> **Work instructions**
Further down are entries; set down exactly and only the lines from the one with "Si necesita un" up to and including the one with "国王学院座落于加拿大安大略省", dropping each picture.

*** Opening of Given records ***

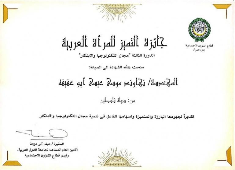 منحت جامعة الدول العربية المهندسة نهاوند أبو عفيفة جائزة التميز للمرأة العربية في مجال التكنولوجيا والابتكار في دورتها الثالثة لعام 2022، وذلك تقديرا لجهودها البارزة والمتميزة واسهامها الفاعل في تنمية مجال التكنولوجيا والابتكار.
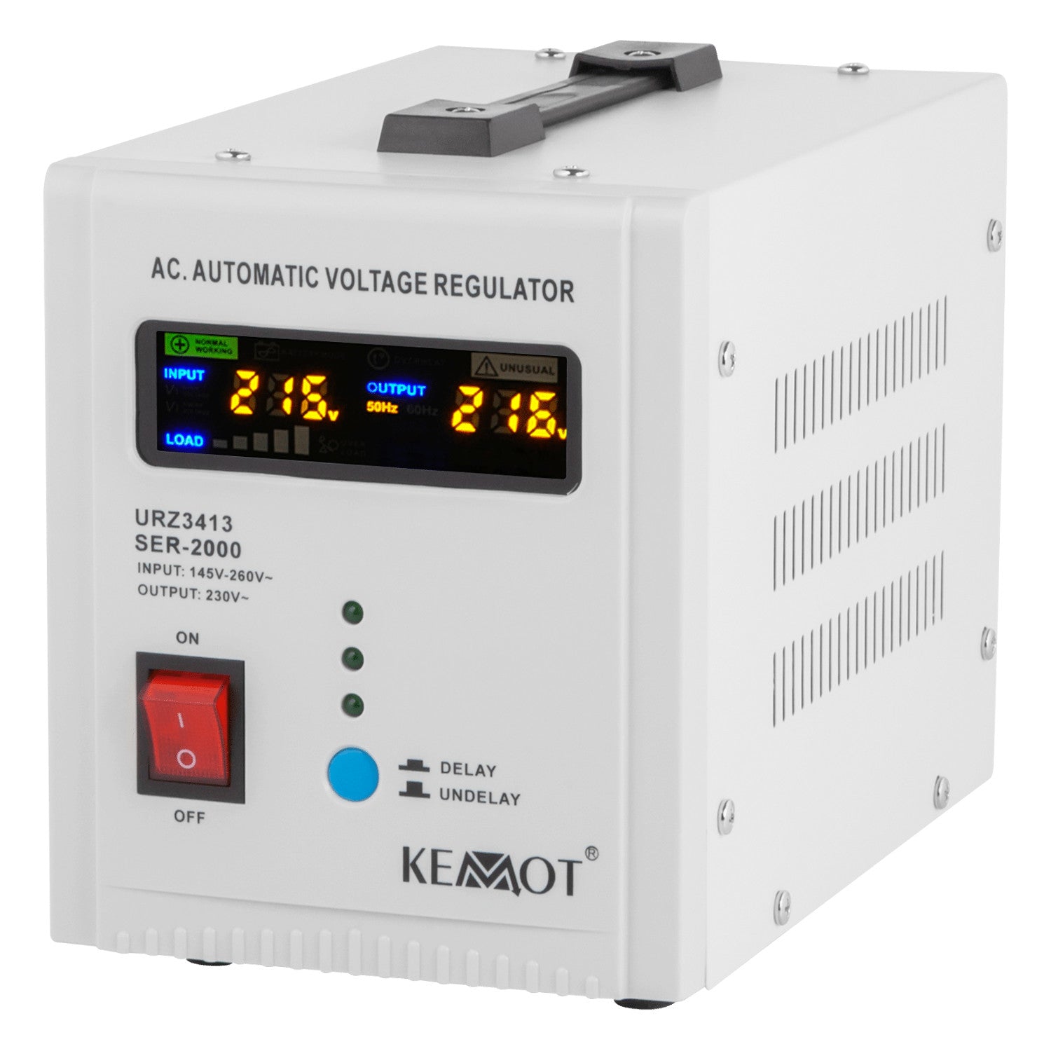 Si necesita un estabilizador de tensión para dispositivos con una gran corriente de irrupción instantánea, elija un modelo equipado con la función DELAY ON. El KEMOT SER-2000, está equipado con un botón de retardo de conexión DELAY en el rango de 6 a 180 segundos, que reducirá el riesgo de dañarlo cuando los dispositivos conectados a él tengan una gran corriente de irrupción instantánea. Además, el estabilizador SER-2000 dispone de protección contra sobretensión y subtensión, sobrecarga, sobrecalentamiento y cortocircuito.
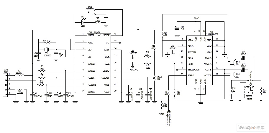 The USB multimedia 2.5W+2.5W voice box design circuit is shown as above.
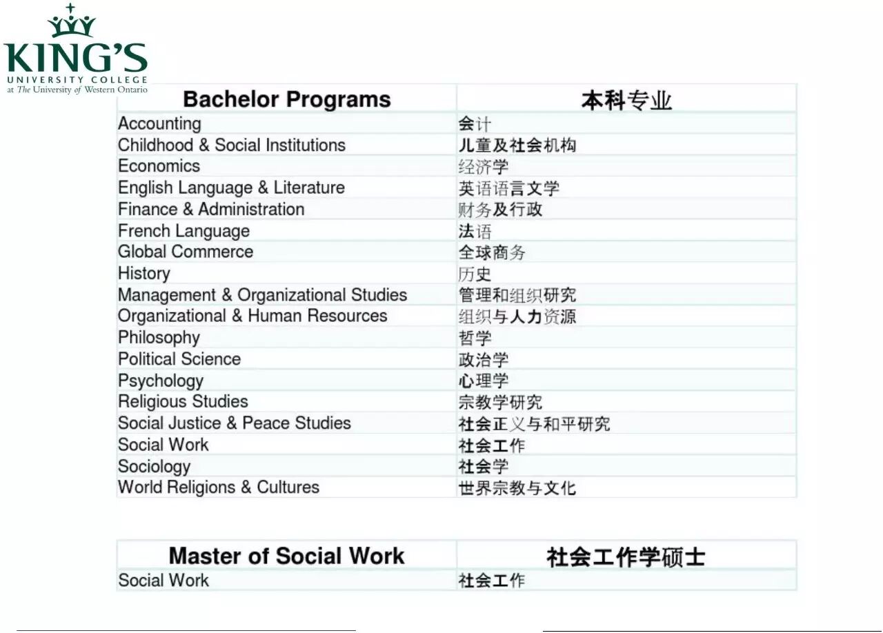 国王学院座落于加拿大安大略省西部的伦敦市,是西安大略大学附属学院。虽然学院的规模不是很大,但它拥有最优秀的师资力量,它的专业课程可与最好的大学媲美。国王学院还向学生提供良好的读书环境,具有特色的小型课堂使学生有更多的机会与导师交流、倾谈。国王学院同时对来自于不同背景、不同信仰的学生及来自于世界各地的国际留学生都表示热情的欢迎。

*** Close of Given records ***
*** Opening of Given records ***

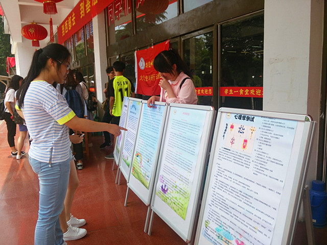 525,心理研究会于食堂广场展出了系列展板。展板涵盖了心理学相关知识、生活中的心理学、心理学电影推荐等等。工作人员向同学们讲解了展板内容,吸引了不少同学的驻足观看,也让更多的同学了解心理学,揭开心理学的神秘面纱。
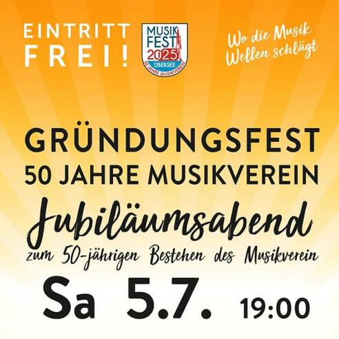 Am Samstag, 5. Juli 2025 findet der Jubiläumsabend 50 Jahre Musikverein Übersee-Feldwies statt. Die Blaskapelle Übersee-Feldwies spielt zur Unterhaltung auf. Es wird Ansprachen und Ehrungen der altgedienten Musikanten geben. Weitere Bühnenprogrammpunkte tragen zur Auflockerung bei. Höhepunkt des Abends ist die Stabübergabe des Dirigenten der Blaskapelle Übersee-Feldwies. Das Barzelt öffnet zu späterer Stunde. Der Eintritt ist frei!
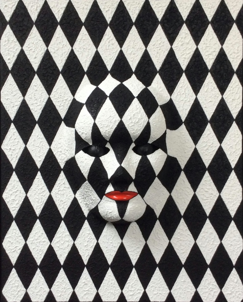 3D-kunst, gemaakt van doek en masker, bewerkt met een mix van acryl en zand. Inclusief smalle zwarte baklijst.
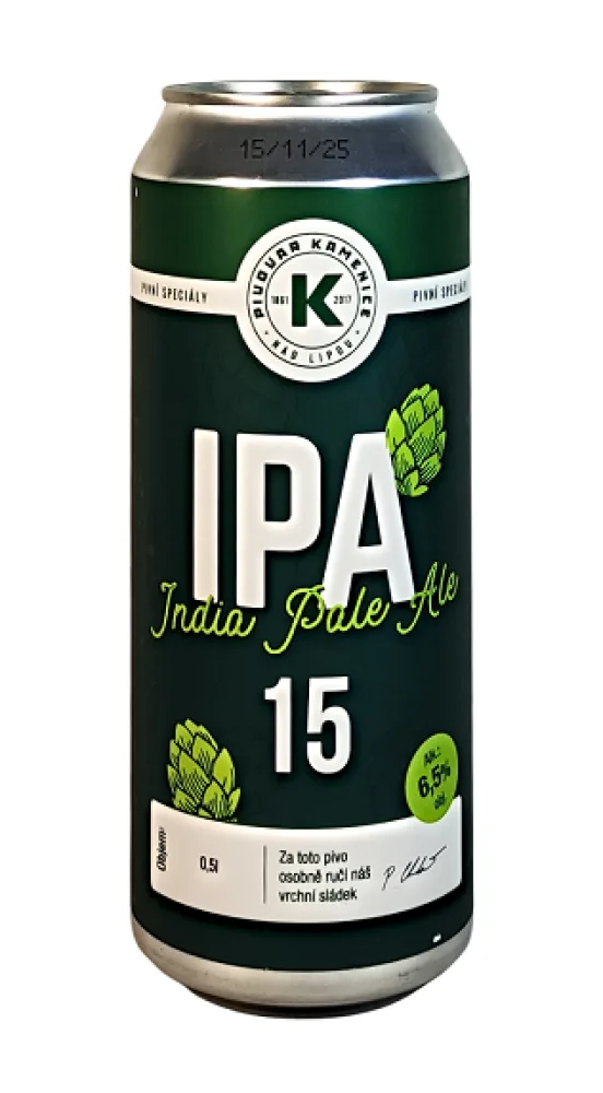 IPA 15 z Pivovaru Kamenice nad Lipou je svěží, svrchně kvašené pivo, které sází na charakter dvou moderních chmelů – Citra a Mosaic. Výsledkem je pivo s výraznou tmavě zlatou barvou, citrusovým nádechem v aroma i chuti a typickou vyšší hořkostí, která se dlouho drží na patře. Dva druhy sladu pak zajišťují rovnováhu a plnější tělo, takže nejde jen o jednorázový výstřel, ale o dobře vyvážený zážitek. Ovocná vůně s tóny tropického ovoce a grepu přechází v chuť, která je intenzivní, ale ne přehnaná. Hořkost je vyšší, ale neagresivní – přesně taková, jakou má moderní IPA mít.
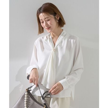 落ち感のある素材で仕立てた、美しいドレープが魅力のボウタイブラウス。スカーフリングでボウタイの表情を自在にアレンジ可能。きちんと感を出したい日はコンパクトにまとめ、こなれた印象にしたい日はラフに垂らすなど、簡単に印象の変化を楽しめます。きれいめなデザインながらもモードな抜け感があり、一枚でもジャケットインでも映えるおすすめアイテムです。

*** Close of Given records ***

> **Result of the task**
 Si necesita un estabilizador de tensión para dispositivos con una gran corriente de irrupción instantánea, elija un modelo equipado con la función DELAY ON. El KEMOT SER-2000, está equipado con un botón de retardo de conexión DELAY en el rango de 6 a 180 segundos, que reducirá el riesgo de dañarlo cuando los dispositivos conectados a él tengan una gran corriente de irrupción instantánea. Además, el estabilizador SER-2000 dispone de protección contra sobretensión y subtensión, sobrecarga, sobrecalentamiento y cortocircuito.
 The USB multimedia 2.5W+2.5W voice box design circuit is shown as above.
 国王学院座落于加拿大安大略省西部的伦敦市,是西安大略大学附属学院。虽然学院的规模不是很大,但它拥有最优秀的师资力量,它的专业课程可与最好的大学媲美。国王学院还向学生提供良好的读书环境,具有特色的小型课堂使学生有更多的机会与导师交流、倾谈。国王学院同时对来自于不同背景、不同信仰的学生及来自于世界各地的国际留学生都表示热情的欢迎。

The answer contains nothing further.